I returned to that memory eighteen years later, at the end of the summer of the year 2000, as I descended to the Gordon Pool to see the dancing colors where fish enjoy their lives in the water, children are playing, and images of persons bathing in swim suits, all come to life in the wall murals of Rami Meiri.
"There are a thousand square meters of painting there", Rami Meiri said to me on Thursday morning in his studio, from where he was to be uprooted in a short time after working there for twenty years. Exactly in this neighborhood appears, high on the pillar supporting the great building in the tunnel of Yarkon street, the last painting that he did, not long ago, for the municipality of Tel Aviv: a very expressive face with an expression that recalls, in its grotesqueness, the image of the small devils on the rims of Gothic cathedrals of the late Middle Ages.
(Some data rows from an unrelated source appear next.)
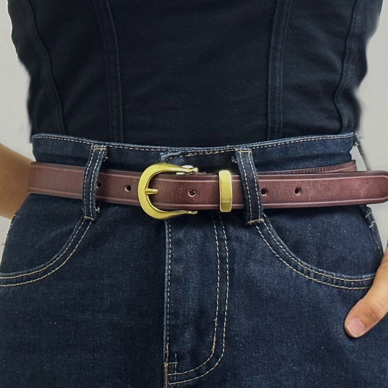 Versatile Personality Retro First Layer Pure Cattlehide Jeans Belt Women
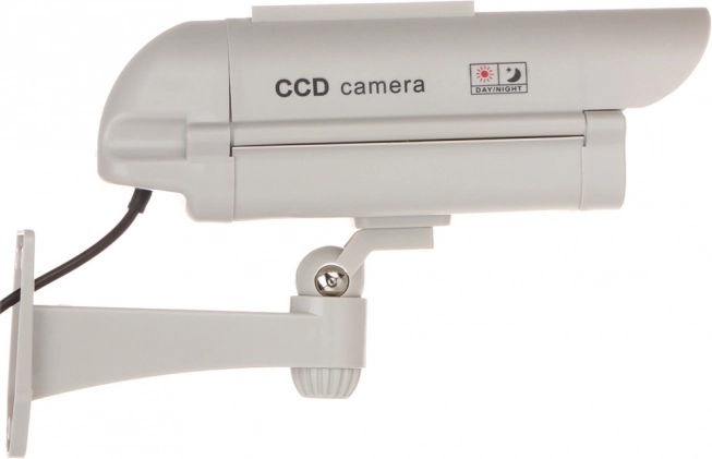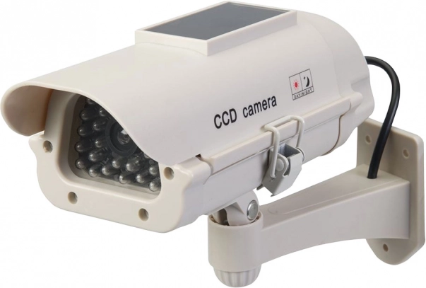 Denne kameradummy efterligner troværdigt et ægte CCTV-apparat, inklusive imitation af 28 infrarøde LED, en detaljeret linse og et kort tilslutningskabel. Den blinkende røde LED signalerer tilsyneladende drift og skaber indtryk af konstant overvågning, hvilket øger den præventive effekt.
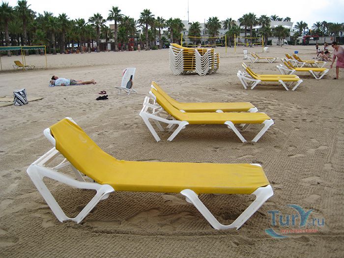 На пляже есть: места для спуска инвалидов, мототрасса, душевые, туалеты, пляжный бар, лежаки, зонтики, навесы, водные мотоциклы, парусные суда, парковка, спасатели, детская игровая площадка и спортивная площадка. Рядом располагается автобусная остановка.
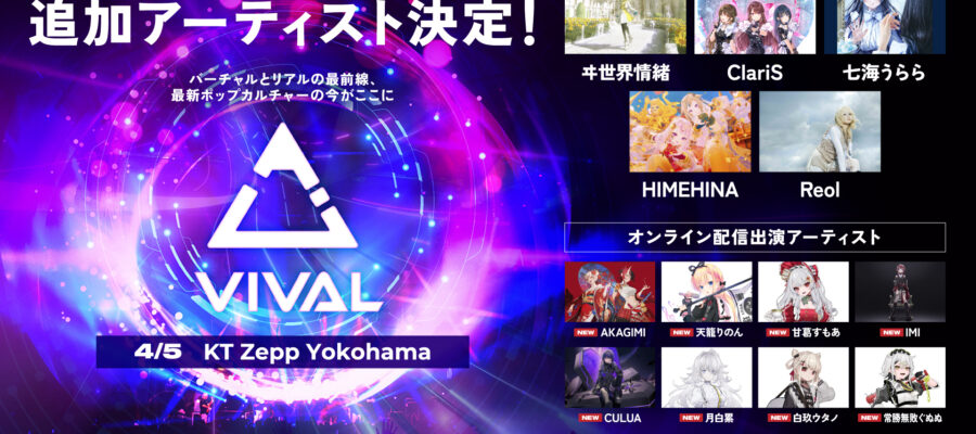 4月5日に開催されるVTuber~リアルアーティストの共演をコンセプトとしたライブイベント「VIVAL」(読み:ヴァイヴァル)で、AKAGIMI、天籠りのん、甘葛すもあ、IMI、CULUA、月白累、白玖ウタノ、常勝無敗ぐ…

Rami tells the story, with a sheepish smile, that the municipality was concerned about the constant soiling of this pillar and approached him to paint on the pillar, because “no one would soil your work“.
In the beginning of the eighties, while he was a student in Avni Institute of Art, Rami did the Gordon Beach painting, and this painting was his first public mural. Since then, Rami Meiri has succeeded in bringing to the citizens his art of mural painting in tens of murals on the walls of Tel Aviv, from the young girl standing at an open window with green shutters and wearing jeans trousers hanging down almost three meters long, on a painted blue linen cloth that was pasted to the wall of the building ( at the corner of Jabotinsky and Ibn Gvirol streets ) – which I saw one morning from the window of bus no.61 on my way to my work sometime in the late eighties, to the giraffe, rising to a height of five stories on a wall in Florentine Street in a lonely public garden in this quarter lacking green.
"I put inside my murals my strong impressions" says Meiri. Such was the case with the mural that brought him to his breakthrough and to great recognition in Tel Aviv, and not only in Tel- Aviv-- the anguished face of the man, in great rage, tearing his mouth wide apart with his fingers. This striking image catches the eyes of tens of thousands of people passing by it day by day, on the wall of the " Max Fine" School, opposite the Azrieli Towers. It was the fruit of Rami’s half - year in Brazil.
From Tel Aviv, Rami’s reputation and his works spread all across the country -- to Jerusalem, Beer Sheba, Rehovot, Ramat Hasharon, schools, institutes of culture and sport, and municipal centers. He has imbued these works with great imagination and, at the same time, he has kept his basic principle-- the painting must connect to the reality, rise above it, and return to reality. In Ramat Gan, his figures climb on scaffolds in the front of a house on Jerusalem Avenue; and, on the wall of the National Social Security Building, he has painted old people and children on a street crossing which merges into a real such street crossing on the same site.
In the same vein, Rami Meiri himself started in Tel Aviv, departs from Tel Aviv, and always comes back to it. Tel-Aviv is the city he loves. As he says about himself, Rami is an “Idealist of Tel Aviv”. For him it is not just a city: it lives and breathes; it has a wild vitality; it is dynamic and always changing – as it was seen (I hear in me a voice) by Jacob Shabtai, who chronicled this changing city in his story of his love of the city – "Memory of Things". Rami Meiri also has this philosophy of love. All of the defects of the city, he sees with eyes of love.